Sitting off to the side, the quadratus lumborum connects the top of your pelvis to your lowest rib and the sides of your lumbar vertebrae. It’s located deep in the flank, behind the kidneys. This muscle is especially active during side-bending and continues working even when the larger back muscles relax during full forward bending, serving as a stabilizer when the spine is in vulnerable positions.

The Connective Tissue That Links Them

A large sheet of connective tissue called the thoracolumbar fascia plays a critical role in tying the core together. Located across the lower and mid-back, it consists of multiple layers that wrap around the spinal muscles like a retaining sleeve. Along the sides of this sleeve, a thickened ridge of tissue runs from the top of the hip bone up to the twelfth rib. This ridge is where the horizontal fibers of the transversus abdominis merge with the sheath surrounding the spinal muscles, essentially connecting the front of the core to the back through a continuous band of tension.

At the base of the lower back, all the layers of this fascia fuse into a thick composite that anchors firmly to the back of the pelvis and a ligament connecting the pelvis to the tailbone. This anchoring point helps maintain the integrity of both the lower lumbar spine and the sacroiliac joint, the junction where your spine meets your pelvis.

Top and Bottom of the Core

The diaphragm forms the roof. It’s a thin, dome-shaped muscle that attaches to the inside of your lower ribs, the bottom of your breastbone, and the front of your lumbar spine. Most people only think of it as a breathing muscle, but it also plays a direct stabilizing role. When you brace your trunk before a heavy lift, your diaphragm contracts downward at the same time your abdominal muscles tighten, compressing the contents of the abdominal cavity to create a rigid column of support around your spine.

The pelvic floor forms the base. It’s a group of muscles that span the opening at the bottom of your pelvis, running from the pubic bone in front to the coccyx (tailbone) in back and out to the sit bones on each side. These muscles don’t work in isolation. They contract and relax in coordination with the diaphragm and the abdominal wall, rising and falling with each breath and bracing automatically during actions like coughing, speaking, or lifting. Their constant adjustments help control internal pressure while also supporting the organs of the pelvis from below.

Hip Muscles That Extend the Core

Several muscles crossing the hip joint are functionally part of the core even though they’re technically “extremity” muscles. The most important is the iliopsoas, a deep muscle that runs from the front of your lumbar vertebrae and the inside of your pelvis down to the top of your thigh bone. It flexes the hip, but it also directly stabilizes the lumbar spine because of where it attaches. The gluteus maximus, the large muscle of your buttock, connects the back of the pelvis to the thigh and plays a similar stabilizing role from the opposite side.

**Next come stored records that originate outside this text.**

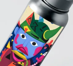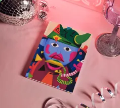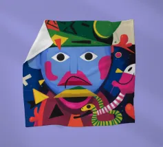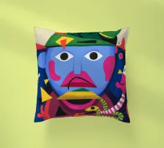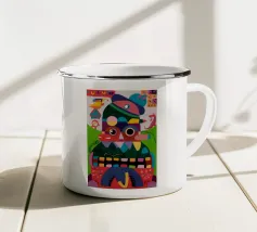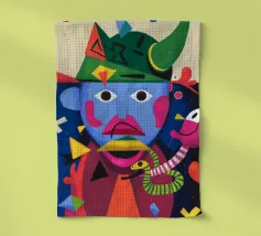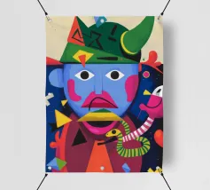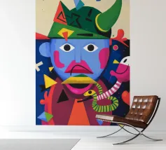 In "Whimsical Enigma", lo spettatore è invitato a entrare in un vibrante paesaggio onirico in cui si scontrano elementi surreali e astratti. Una figura dal volto blu e dai lineamenti esagerati si trova al centro, con i suoi grandi occhi espressivi e le sue labbra rosa acceso che aggiungono un tocco giocoso di eccentricità.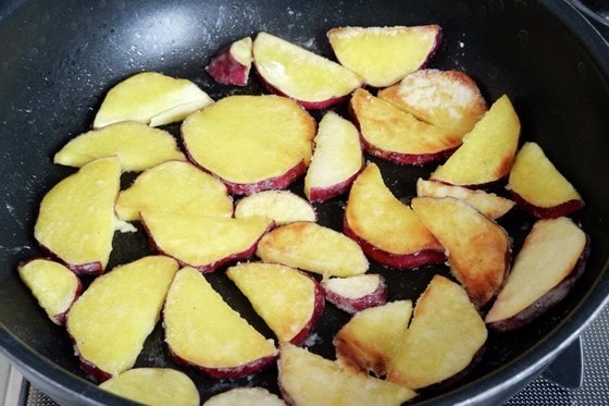 3. フライパンに油を熱し、さつまいもを重ならないように並べて中火で焼きます。両面がこんがり焼けたら、お皿に取り出しましょう。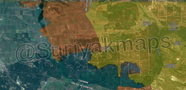Following on from the previous picture, Russian infantry groups have been moving into space created by the DRGs and are now securing and entrenching themselves in several areas. The greyzone has been significantly expanded as Russian DRGs have moved in or around Rubizhne, Vilne, Nove Shakhove and Ivanivka. As for Zolotyi Kolodyaz, it’s a mess with some sources claiming it is Russian controlled whilst others say that Russia never managed to entrench there (only DRGs passing through).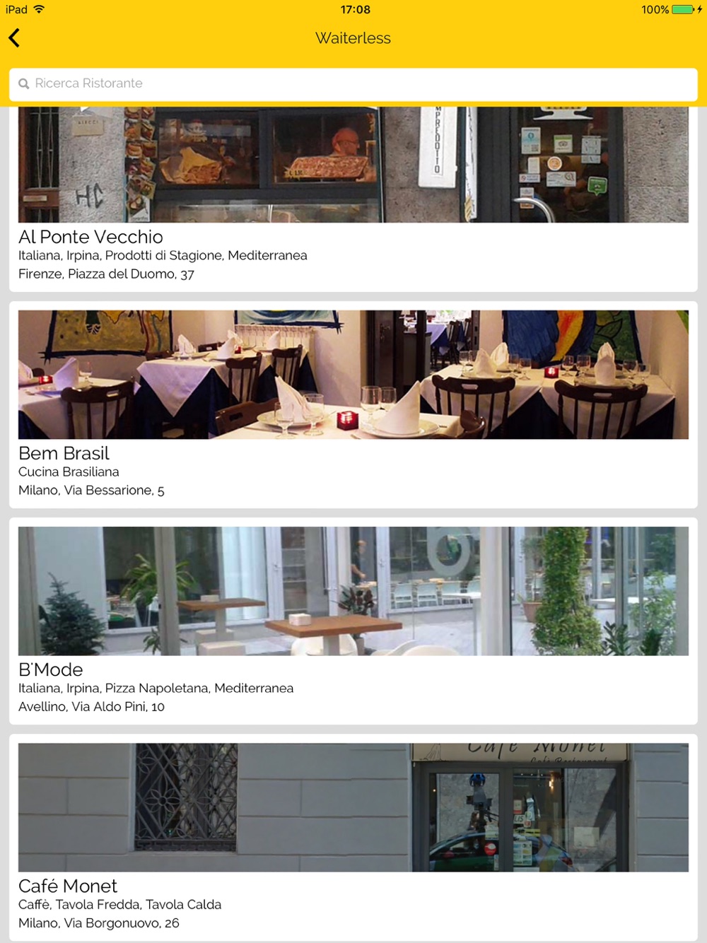 Waiterless è la migliore soluzione per cercare e scoprire ottimi locali in cui mangiare. È una app facile da usare e che ti permette di scoprire i migliori ristoranti nella tua città. Cerca tra i menu aggiornati, foto e scegli dove mangiare.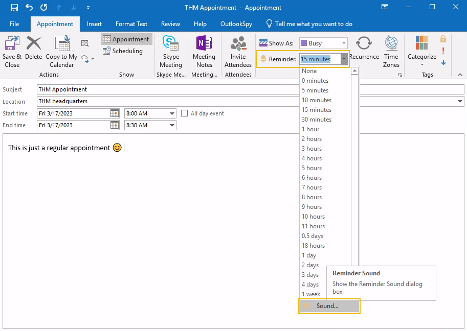 We will create an appointment that includes a reminder set in 0 minutes so that it triggers right after the victim receives it. We will also click on the Sound option to configure the reminder's sound file: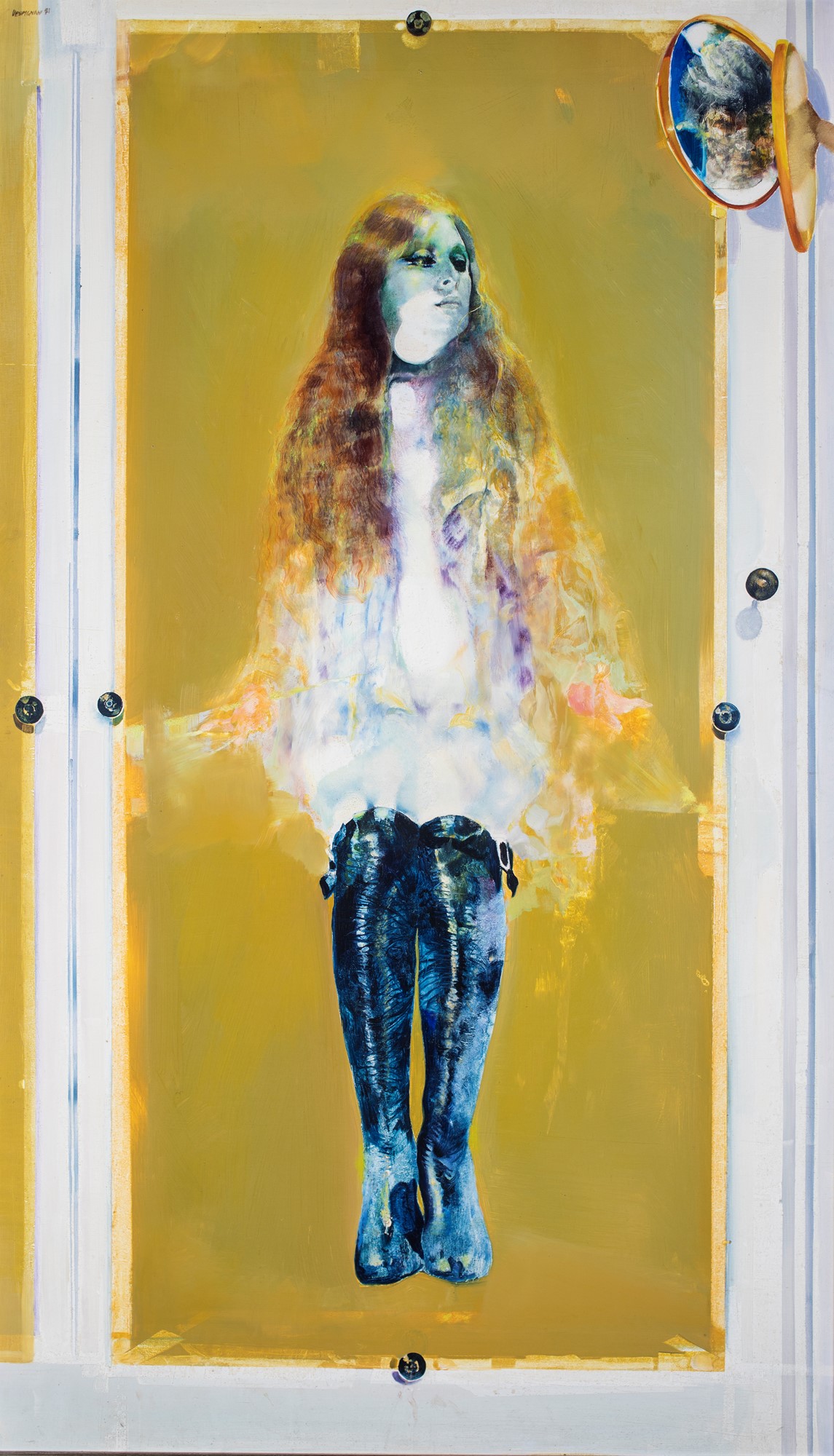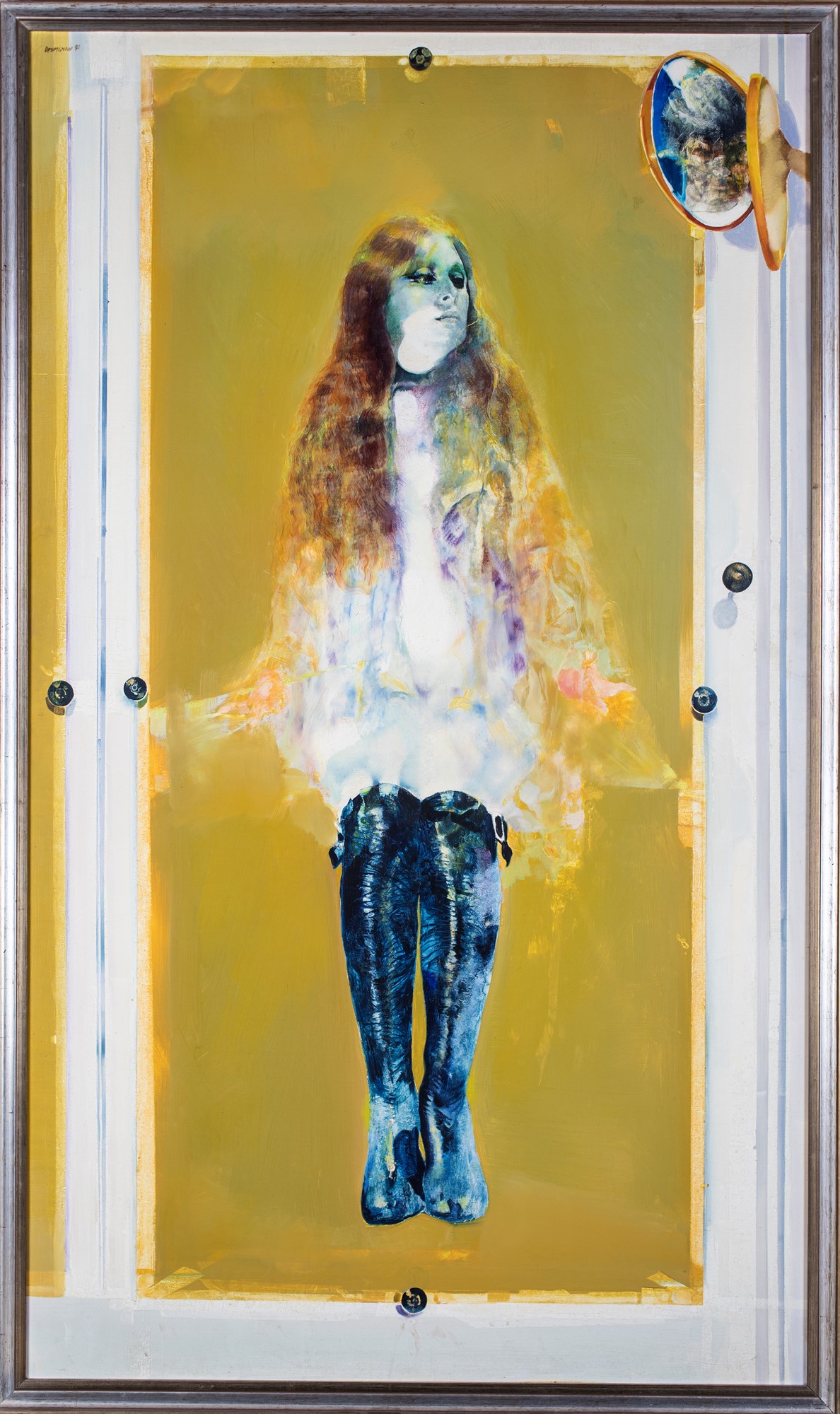 Renzo Vespignani, Netta allo specchio, 1971 Olio su tela cm 195x115 Firma e data in alto a sinistra "Vespignani 1971". Renzo Vespignani, Catalogo Ragionato dei Dipinti 1943-2001, ripr. pag. 256 n. 596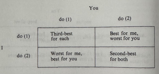 Summary: Parfit now defines another way of being self-defeating: “directly”. He does not think this applies to Consequentialism, but he does think Self-interest theory can be “directly collectively self-defeating”. The two-person Prisoner’s Dilemma is a simple example of this, though he doesn’t think it arises much in the real world. But the Many-Person Dilemma comes up frequently in the real world: situations where each person doing what’s in their own best interests results in everyone being worse off. This is at least a “practical problem” for Self-interest theory. Parfit lists five general approaches for addressing this practical problem.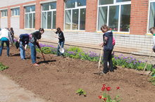Мәктәп яны тәҗрибә участогында укучылар чәчәкләр утырту өчен җир казыдылар, тырмаладылар, түтәлләр ясадылар.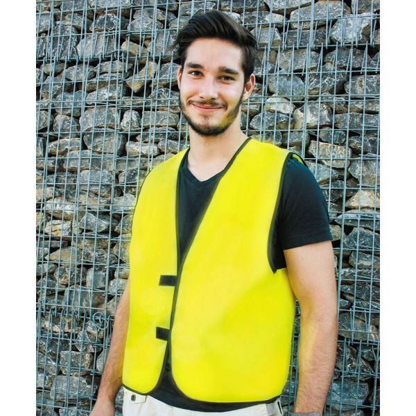 Obložen crnim poliesterskim rubom, podesive veličine s 2 čičak zatvarača, veliko područje ispisa na poleđini, žuto i narančasto certificirano prema EN 17353:2020 tip A (dnevno svjetlo)Materijal: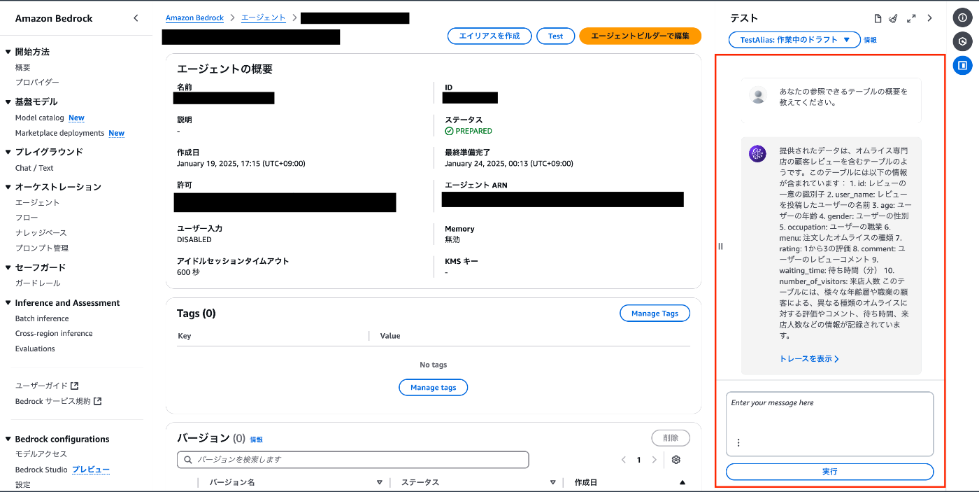 - Amazon Bedrock>エージェント>エージェントを作成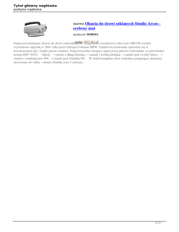 Tytuł główny nagłówka podtytuł nagłówka nazwa Okucia do drzwi szklanych Studio Arcos srebrny mat producent: DORMA cena: Oryginalne 952.02 zł wzornictwo całej serii ARCOS zostało Najnowocześniejsze okucie do drzwi całoszklanych. wyróżnione nagrodą w 2001 roku przez Design Centrum NRW. Zamek ten doskonale sprawdza się w nowoczesnym jak i tradycyjnym wnętrzu. Niepowtarzalny design o najwyższej jakości wykonania, co potwierdza norma DIN 18251. Opcje: • zamek z długą klamką, • zamek z krótką klamką, • zamek pod zwykły klucz, • zamek z zamknięciem WC, • zamek pod wkładkę PZ. W skład kompletu okuć wchodzą następujące elementy mocowane do szkła - zamek, klamka oraz 2 zawiasy. 1/1

This broader grouping is sometimes called the lumbopelvic-hip complex. It includes all the musculature connecting the abdomen, pelvis, trunk, spine, and upper thigh, and it functions as the central link between your upper and lower body. Every force you generate with your arms or legs passes through this region, which is why weakness or poor coordination anywhere in the cylinder affects movement quality throughout the entire body.

How to Feel Your Deep Core Muscles

You can locate your transversus abdominis by placing your fingertips about two inches inward from the bony points at the front of your hip bones. Gently cough or clear your throat. The deep tension you feel pushing back against your fingers, before the superficial muscles clench, is the transversus abdominis tightening. It should feel like a subtle tautening of a sheet rather than a bulging crunch.

To sense the multifidus, place your thumbs alongside the bony bumps of your lower spine and gently arch your back. The small, firm mounds of tissue that swell under your thumbs are the multifidus segments. For the pelvic floor, the simplest cue is the sensation of gently stopping the flow of urine. That lifting, closing feeling comes from the pelvic floor muscles contracting at the base of the cylinder.